NBC News
The Food and Medicines Administration (FDA) approved on Thursday a new type of non -opiatic analgesic of VERTEX Pharmaceuticals.
The drug, Journavx or Suzetrigine, has been approved to treat acute, or short -lived pain, moderate to intense in adults. The experts affirm that the drug, which is announced as non -addictive, could reduce the number of opiates that are prescribed to patients after surgical intervention or be used by patients who cannot take other analgesics, although several told NBC News that They would like to see more research in this regard.

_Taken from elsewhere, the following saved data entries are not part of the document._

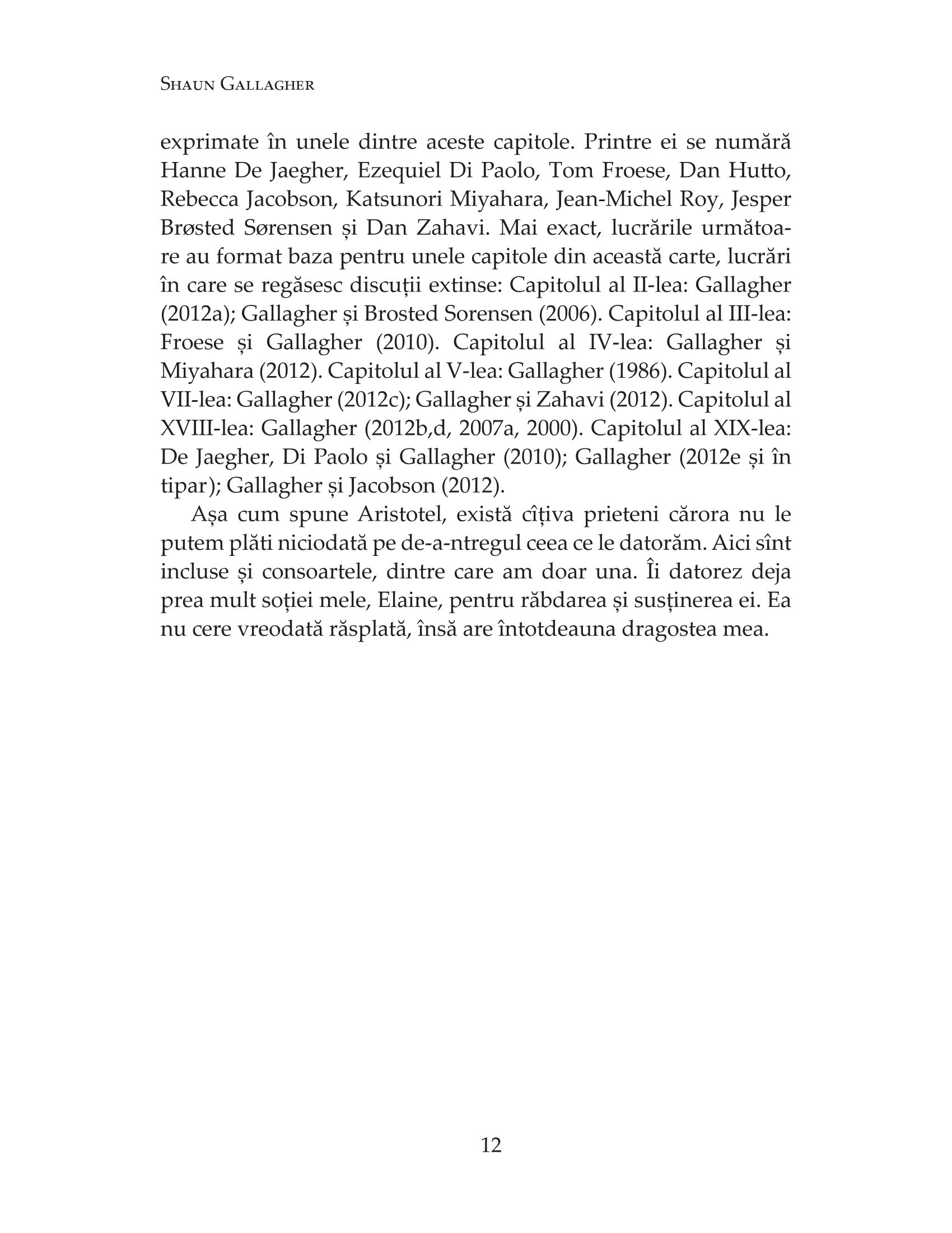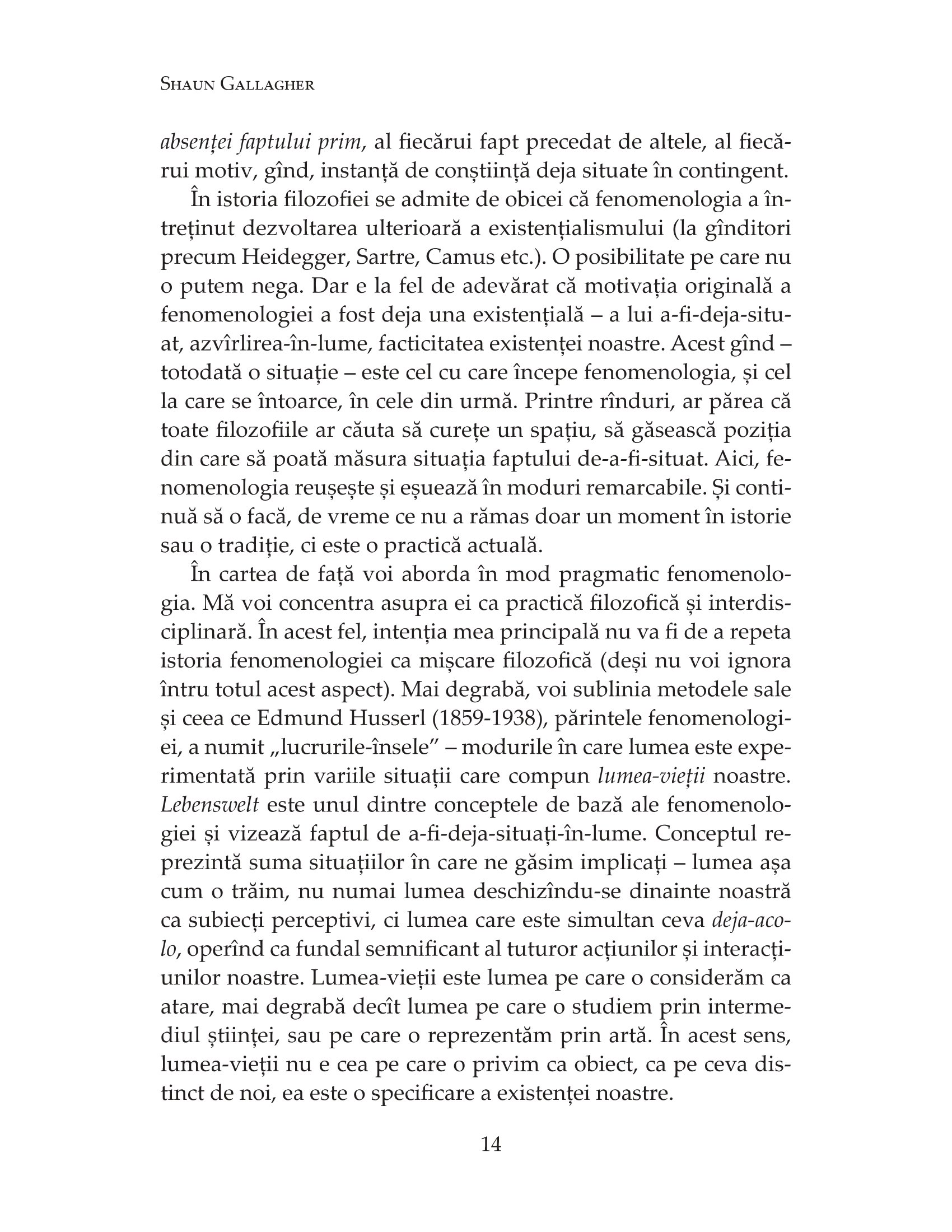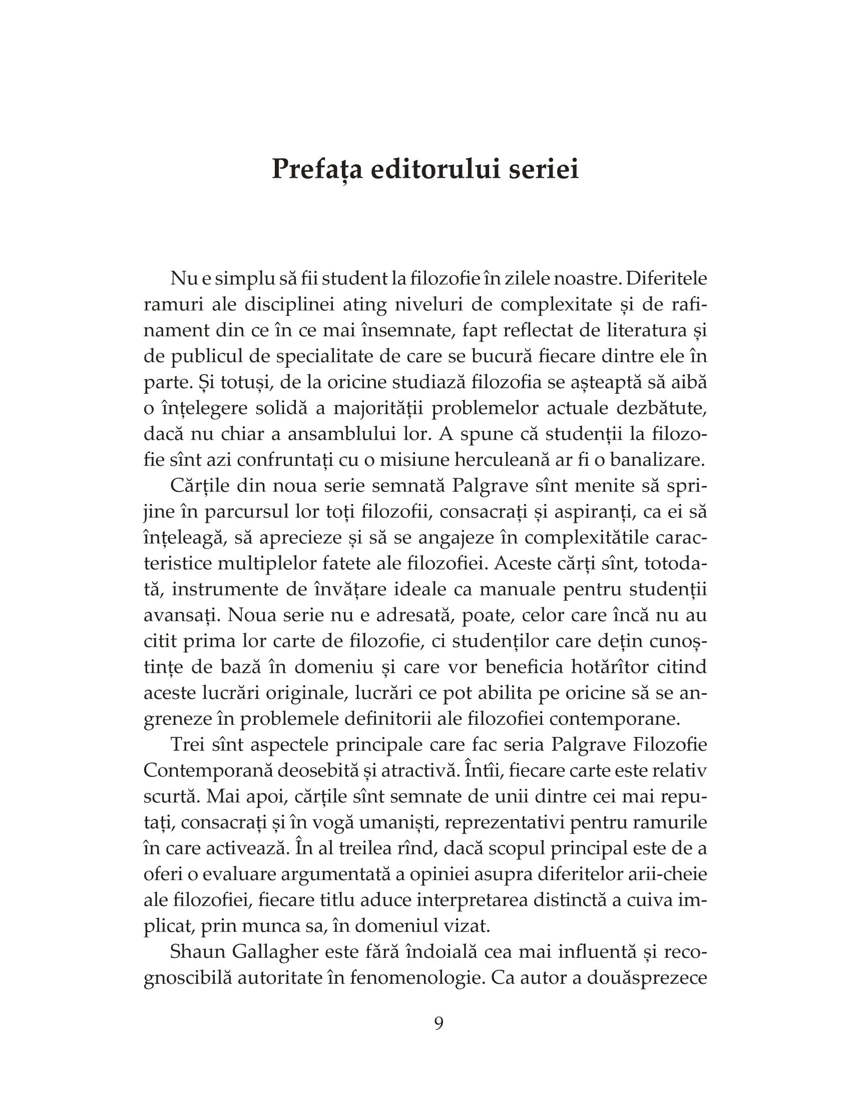 Deși fenomenologia este în mod tradițional asociată cu anumite ramuri ale filozofiei, mai cu seamă cu estetica, existențialismul și chiar psihanaliza, Gallagher insistă asupra felului în care fenomenologia poate juca un rol productiv ca parte a practicii științifice. Pornind de la premisa fundamentală că experiența umană este modelată de fenomenul intersubiectivității, autorul susține că tendințele reducționiste ale științei ar trebui respinse și că recenta evoluție a utilizării practice și științifice a fenomenologiei poate juca un rol decisiv în acest proiect. (Vittorio Bufacchi, Colegiul Universitar din Cork)
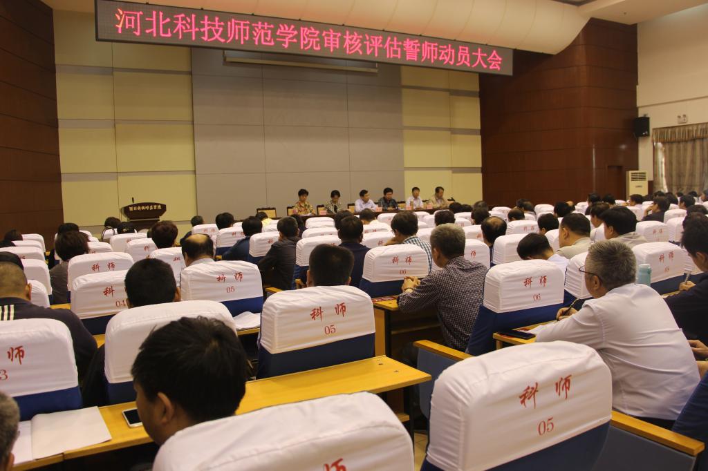 2018年5月24日,Beat365在秦皇岛校区学术报告厅召开审核评估誓师动员大会,对评估专家进校期间的相关工作进行再动员、再部署。校领导靳占忠、李佩国、杨越冬、张福喜、孙雪莲出席会议。全体处级干部、教学部主任、实验室主任、教学秘书,以及全体辅导员、各专业学生代表参加了会议。会议由教务处负责同志主持。
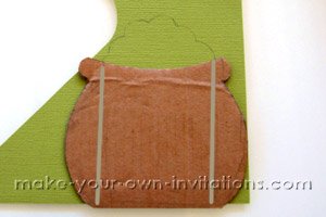 Step four Unfold the template and apple a thin line of glue along both sides of the top half of the cauldron card. Fold the card and firmly press along the sides to adhere the bottom half to the top half. This will create a pocket for the green bubble part of the invitation. |
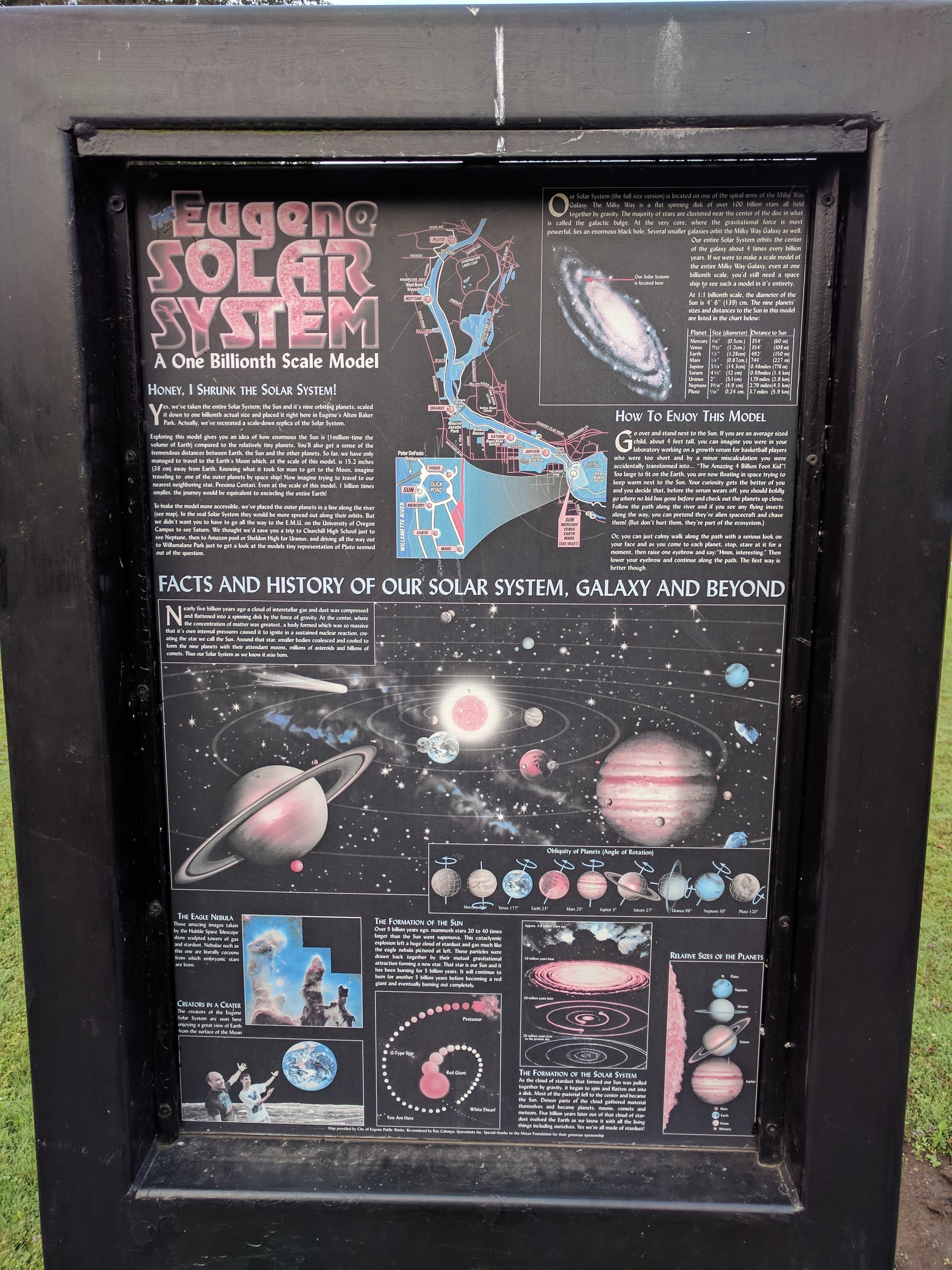 We explored around Eugene a bit when we got there - starting with a very cool idea of build a to scale model of the solar system. the sun was pretty big and the planets were small (as expected) but the distance between the planets was the most amazing part. Everything was right there until you got to Jupiter - which was a bit of a walk to get to. Pluto (which was still a planet when they made this) was over 10 miles away.
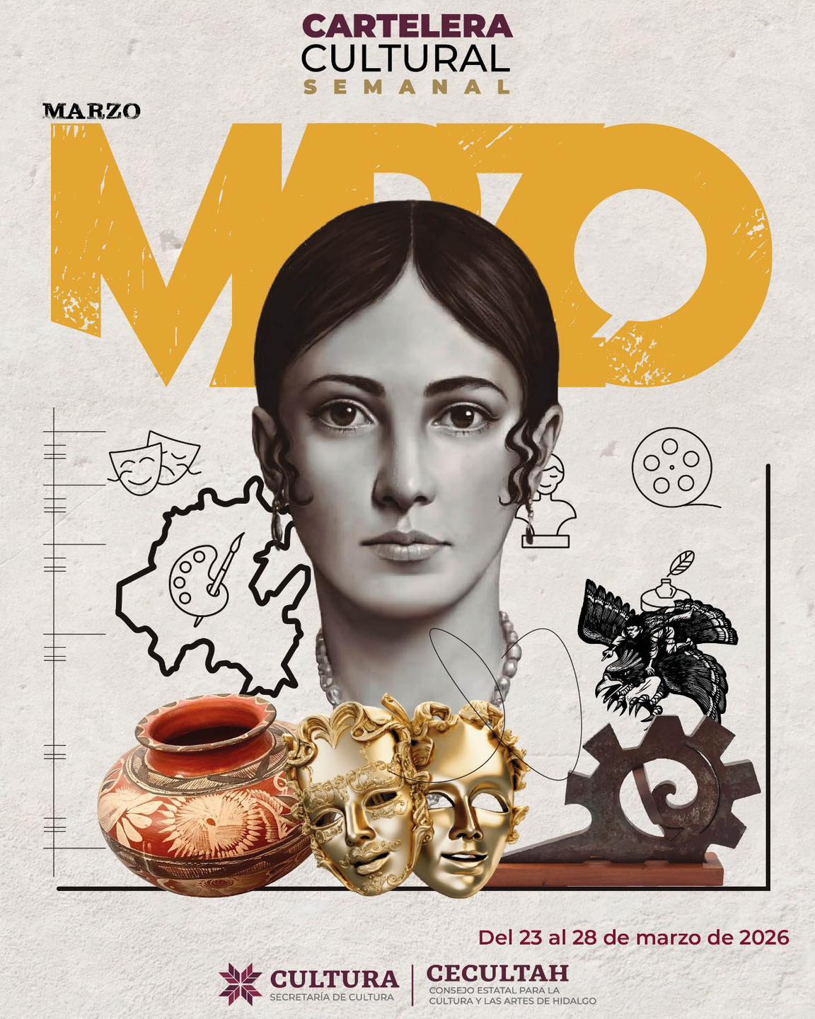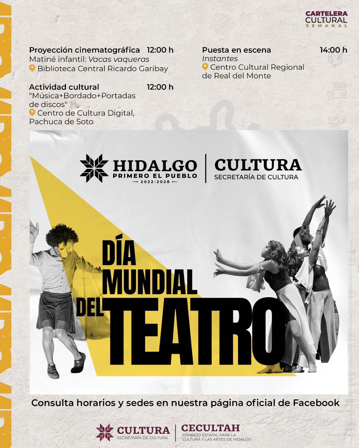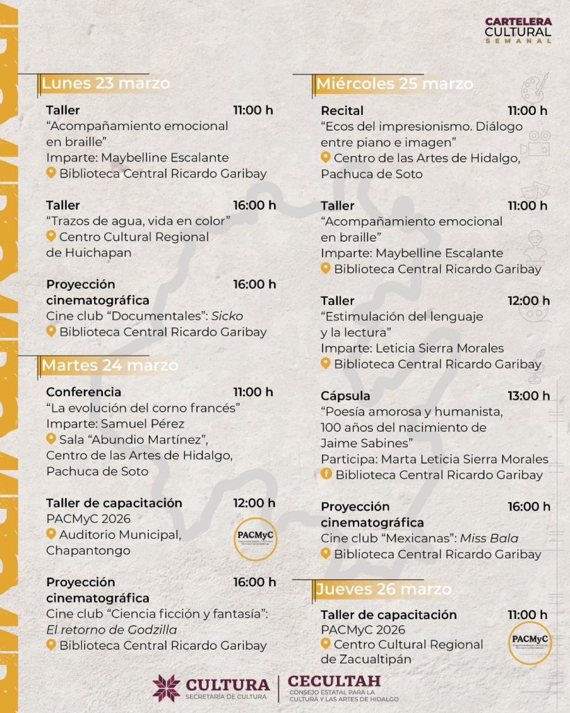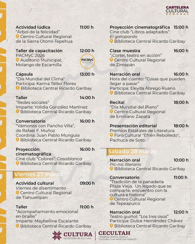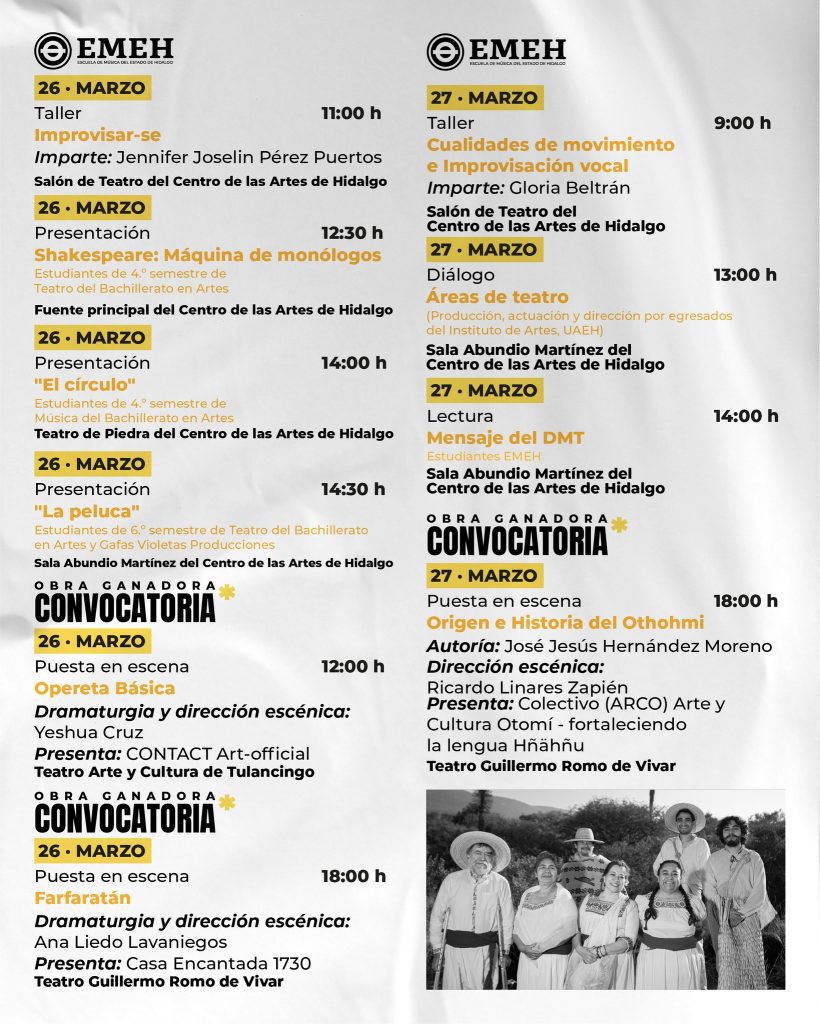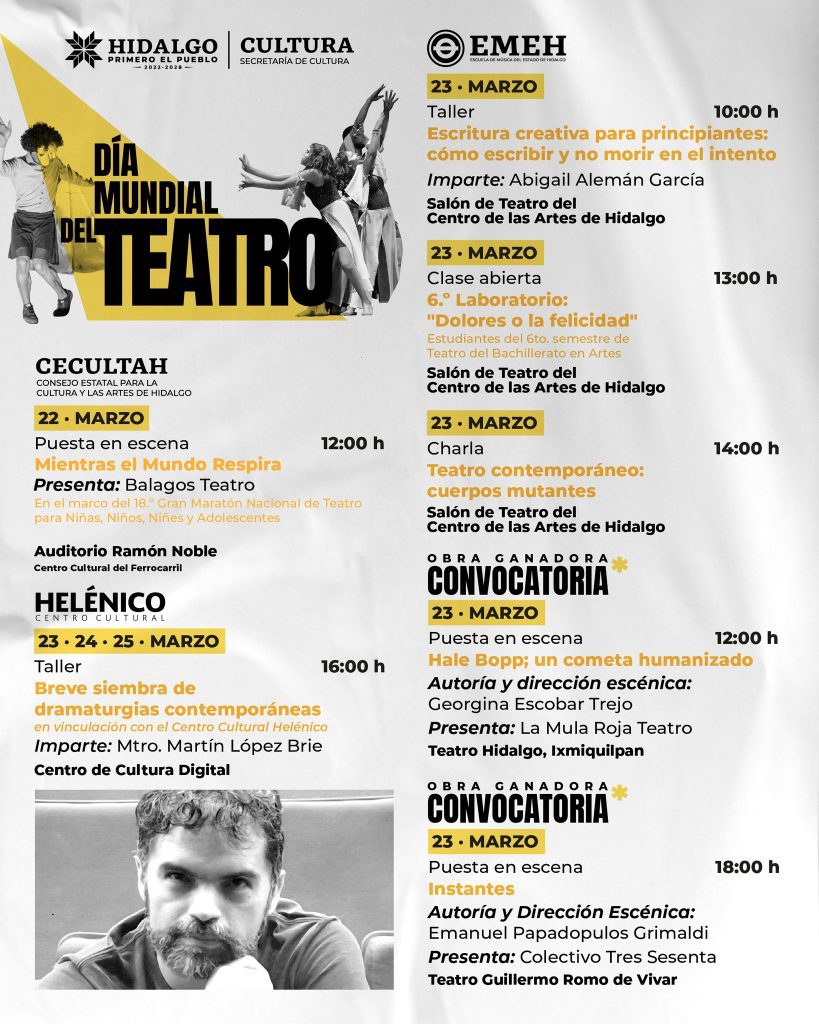 La Secretaría de Cultura del Estado de Hidalgo, en coordinación con la Escuela de Música del Estado de Hidalgo (EMEH) y el Consejo Estatal para la Cultura y las Artes de Hidalgo (CECULTAH), presenta una programación artística con motivo del Día Mundial del Teatro, que se llevará a cabo del 22 al 27 de marzo en diversos espacios culturales de la entidad.

Dr. Jacqueline Corrigan-Curay, acting director of the FDA Medication Evaluation and Research Center, described the approval in a statement as an “important milestone for public health in the treatment of acute pain”.
For his part, Michael Schatman, clinical instructor of the Department of Anesthesiology, Perioperative Care and Pain Medicine of the Grossman Faculty of Medicine of the University of New York, said: “I think that in acute pain this drug is very promising. I could save opiates, and we need more tools for pain. ”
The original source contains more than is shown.